§ What the exercise asks:
Transcribe everything in the records exactly. Skip the images.

§ Exercise material:
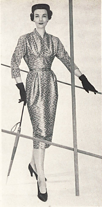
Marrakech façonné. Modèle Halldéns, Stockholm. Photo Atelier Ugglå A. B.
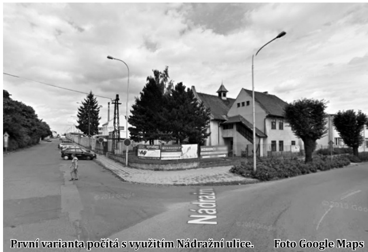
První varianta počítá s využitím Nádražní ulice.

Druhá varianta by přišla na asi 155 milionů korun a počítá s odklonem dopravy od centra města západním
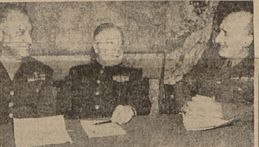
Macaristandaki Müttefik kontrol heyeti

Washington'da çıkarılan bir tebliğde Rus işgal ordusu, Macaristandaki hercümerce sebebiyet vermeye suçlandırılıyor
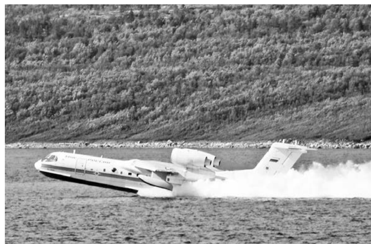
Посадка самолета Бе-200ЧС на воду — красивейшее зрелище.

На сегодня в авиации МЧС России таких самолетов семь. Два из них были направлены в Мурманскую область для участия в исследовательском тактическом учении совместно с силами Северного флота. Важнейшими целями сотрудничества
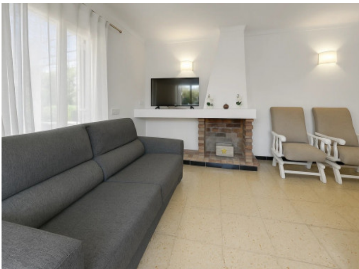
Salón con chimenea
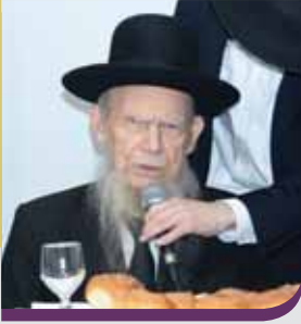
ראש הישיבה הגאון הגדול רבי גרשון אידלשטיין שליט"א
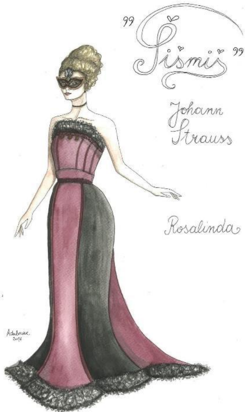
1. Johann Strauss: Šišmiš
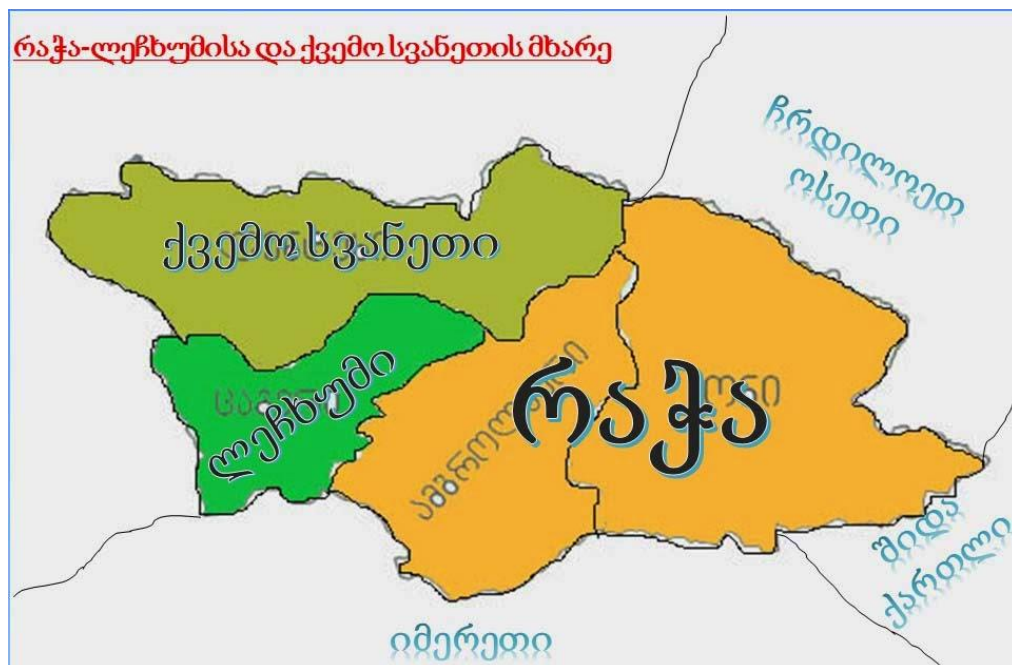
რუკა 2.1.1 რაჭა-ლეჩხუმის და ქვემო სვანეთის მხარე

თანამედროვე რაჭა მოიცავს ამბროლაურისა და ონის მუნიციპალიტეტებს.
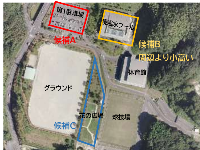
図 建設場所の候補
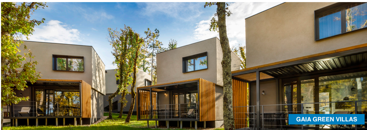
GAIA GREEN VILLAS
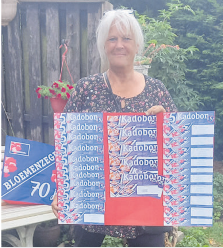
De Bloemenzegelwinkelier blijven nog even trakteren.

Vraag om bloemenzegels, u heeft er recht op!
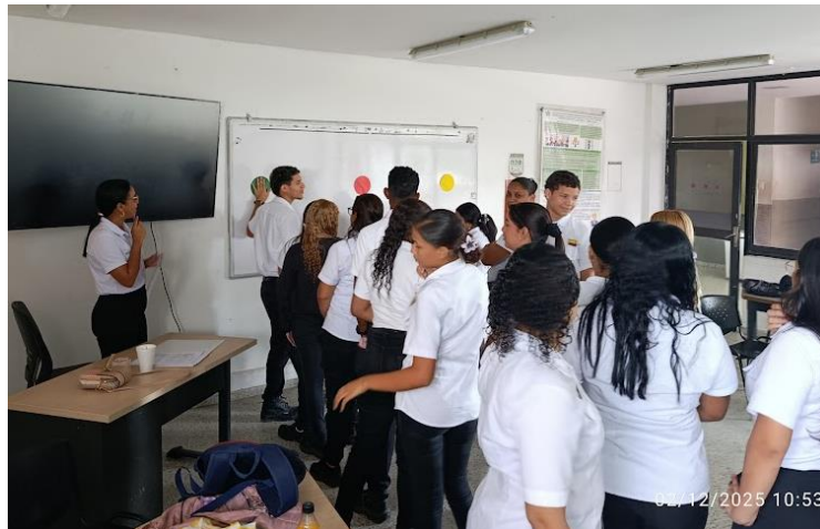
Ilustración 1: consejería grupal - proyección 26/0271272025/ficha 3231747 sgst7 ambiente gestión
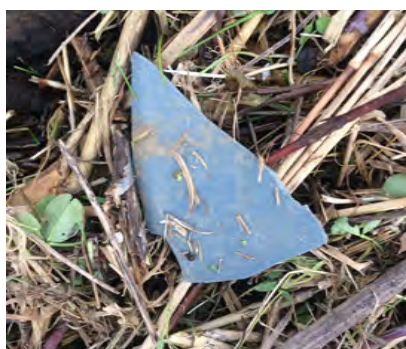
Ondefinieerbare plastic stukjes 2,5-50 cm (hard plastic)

§ Answer to this exercise:
Marrakech façonné. Modèle Halldéns, Stockholm. Photo Atelier Ugglå A. B.
První varianta počítá s využitím Nádražní ulice.

Druhá varianta by přišla na asi 155 milionů korun a počítá s odklonem dopravy od centra města západním
Macaristandaki Müttefik kontrol heyeti

Washington'da çıkarılan bir tebliğde Rus işgal ordusu, Macaristandaki hercümerce sebebiyet vermeye suçlandırılıyor
Посадка самолета Бе-200ЧС на воду — красивейшее зрелище.

На сегодня в авиации МЧС России таких самолетов семь. Два из них были направлены в Мурманскую область для участия в исследовательском тактическом учении совместно с силами Северного флота. Важнейшими целями сотрудничества
Salón con chimenea
ראש הישיבה הגאון הגדול רבי גרשון אידלשטיין שליט"א
1. Johann Strauss: Šišmiš
რუკა 2.1.1 რაჭა-ლეჩხუმის და ქვემო სვანეთის მხარე

თანამედროვე რაჭა მოიცავს ამბროლაურისა და ონის მუნიციპალიტეტებს.
図 建設場所の候補
GAIA GREEN VILLAS
De Bloemenzegelwinkelier blijven nog even trakteren.

Vraag om bloemenzegels, u heeft er recht op!
Ilustración 1: consejería grupal - proyección 26/0271272025/ficha 3231747 sgst7 ambiente gestión
Ondefinieerbare plastic stukjes 2,5-50 cm (hard plastic)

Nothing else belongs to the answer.